Die Stimmzettel und Informationen zum Ablauf der Wahl erhalten Sie in der
nächsten Pfarrblattnummer Mitte März; ebenso einen Rückblick über die einzelnen
Arbeitsausschüsse und die Arbeit des PGRs der letzten Periode.
10 wichtige Regeln
Im Rahmen der Erstkommunionvorbereitung habe ich folgende 10 Regeln für
Eltern weitergegeben:
1.
Erkundigen Sie
sich, wie die Vorbereitung auf die Erstkommunion in Ihrer Pfarrgemeinde
gestaltet wird und nehmen Sie das Angebot der Pfarrgemeinde zur Information und
Vertiefung in Elternabenden an.
2.
Übernehmen Sie
nach Möglichkeit selbst eine Kindergruppe.
3.
Nehmen Sie Anteil
an Ihrem Kind und daran, was es in der Kindergruppe erfährt. Das Kind muss
spüren, dass Sie Interesse an den Dingen haben, mit denen es beschäftigt ist.
4.
Seien Sie dafür
offen, dass Ihr Kind zur Erstkommunion geht. Übertragen Sie eine eventuell
vorhandene negative Einstellung gegenüber der Kirche nicht auf das Kind.
5.
Führen Sie Ihr
Kind zum Glauben hin. Nehmen Sie das Kind zum Sonntagsgottesdienst mit.
6.
Binden Sie das
Kind in die Planung zur Gestaltung des Erstkommunionstages aktiv ein.
7.
Unterstützen Sie
Verwandte, Bekannte und Freunde des Kindes bei der Auswahl eines Geschenkes.
8.
Fördern Sie nach
der Erstkommunion das Interesse des Kindes an der Teilnahme in
Pfarrgemeindegruppen (Ministrantengruppe, Kinder-
bzw.
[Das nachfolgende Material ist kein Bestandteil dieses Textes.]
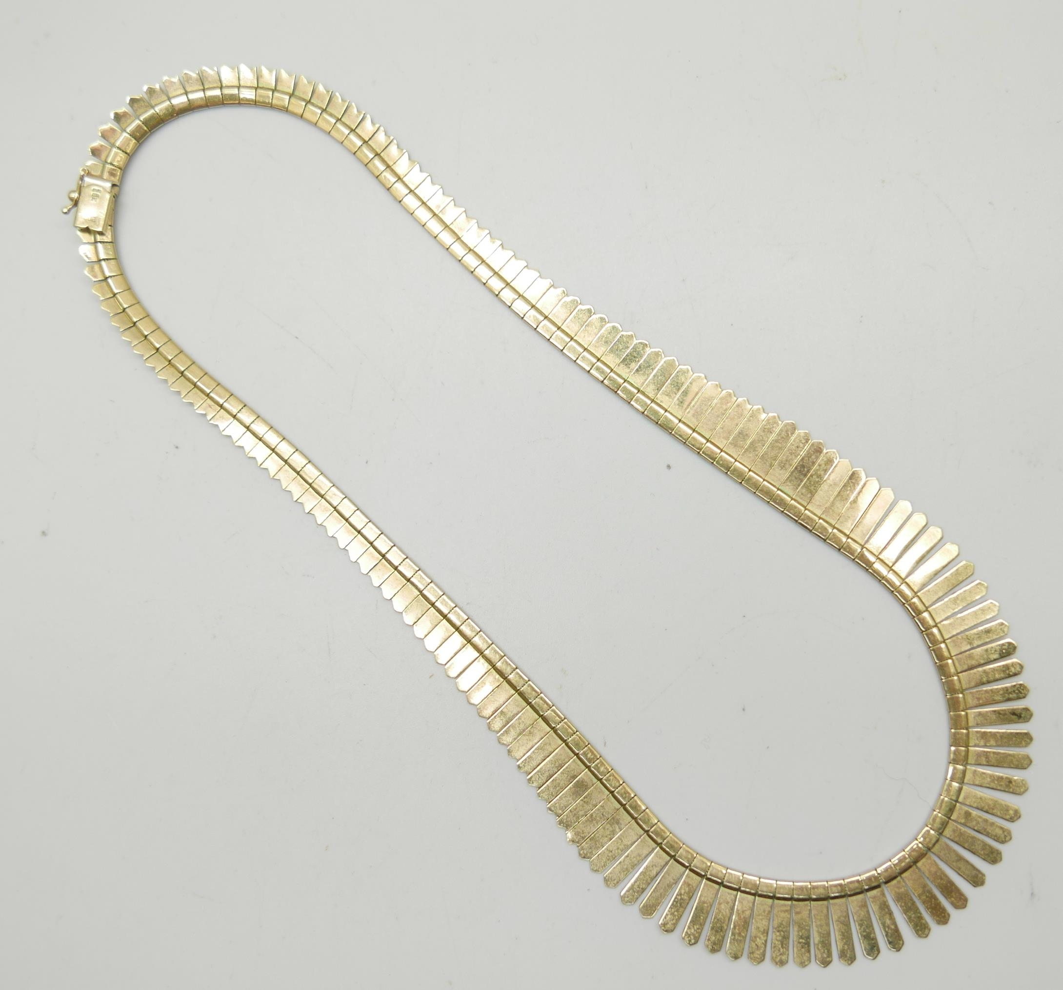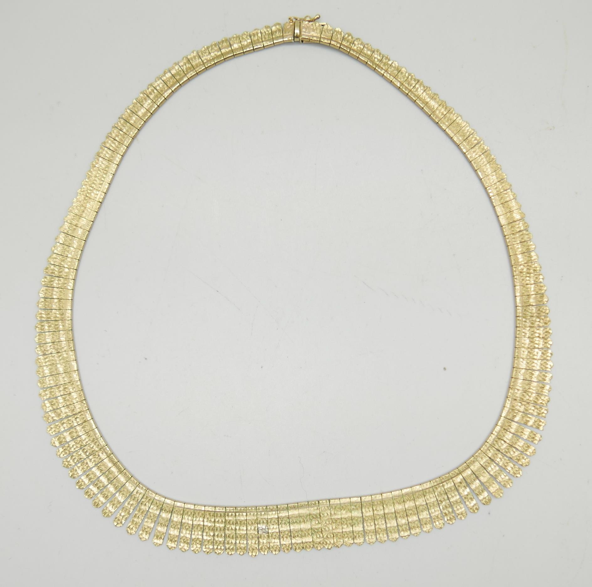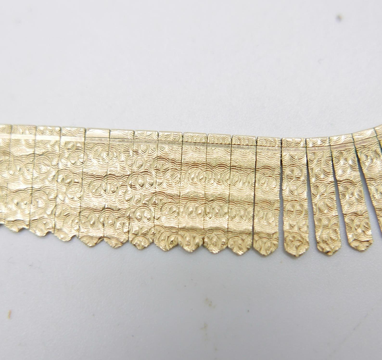 A 9ct gold fringe necklace with textured design, 44.5cm, 22g

Jugendgruppen...).
9.
Beten Sie mit
Ihrem Kind; lassen Sie das Kind eigene Gebete formulieren; beziehen Sie Ihr
Kind in Ihre Gebete ein.
10. Nehmen Sie die Erstkommunion Ihres Kindes
auch als Chance wahr, über ihren eigenen Glaubensweg nachzudenken.
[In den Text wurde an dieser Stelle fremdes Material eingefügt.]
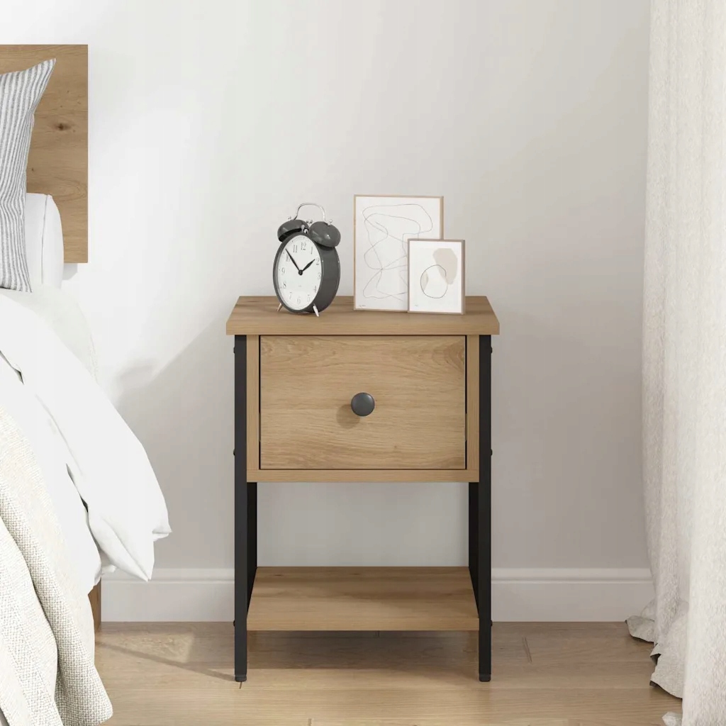 - Конструкция из искусственной древесины: Прочная и элегантная прикроватная тумбочка. Являясь основным элементом в спальне, он имеет современную матовую поверхность, обеспечивающую долговечность и эстетичный внешний вид, устойчивый к повседневному использованию.

(Dr. Josef Steiner. Seelsorgereferat der Erzdiözese München und Freising)
Was hier für Erstkommunioneltern gedacht ist, gilt genauso für Eltern von
Firmlingen, aber auch für uns alle. Versuchen Sie diese 10 Regeln auf Ihre
persönliche Lebens- bzw. Glaubenssituation zu übertragen.
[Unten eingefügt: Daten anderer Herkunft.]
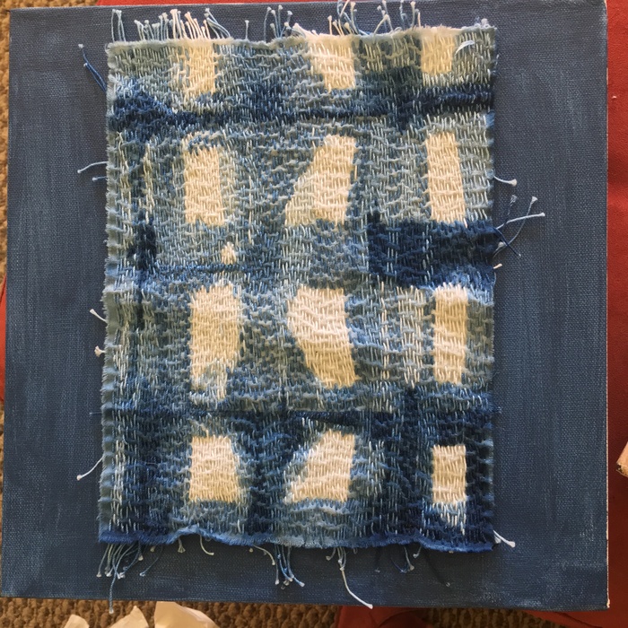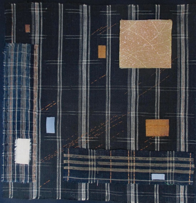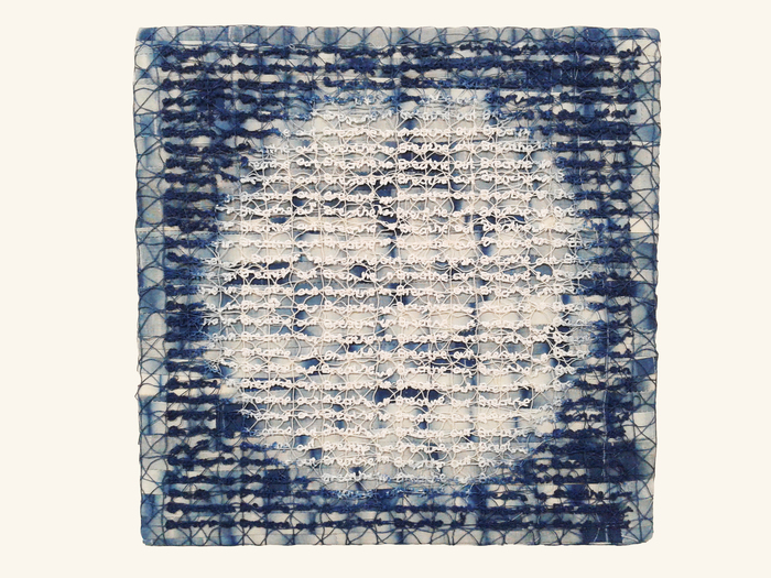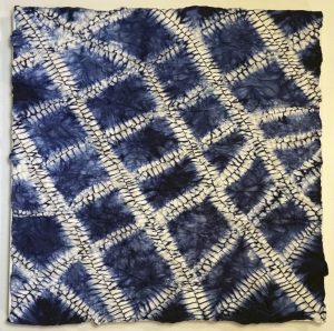 - Cathy Wilkerson “Panes” 2017, Indigo, shibori, embroidery; 12” x 12” x 1.5”.

Planen von religiösen Feiern:
Was Sie unbedingt beachten
müssen, wenn Sie eine kirchliche Feier planen:
Taufanmeldung bis spätestens 2 Wochen vor ihrem Wunschtermin
Trauungsanmeldungen bis spätestens 3 Monate vor ihrem Wunschtermin
Begräbnistermin: Von besonderer Wichtigkeit ist es, dass
Termine rund um das Begräbnis zuerst mit
dem Seelsorger besprochen werden und dann erst mit dem
Bestattungsunternehmen.
Feiern im privaten
Kreis: Bitte besprechen
Sie diese Termine möglichst frühzeitig
mit mir.
Ich erhoffe mir auch in diesem Jahr eine gute Zusammenarbeit und viel
Freude und Frieden in unserer Pfarrgemeinde.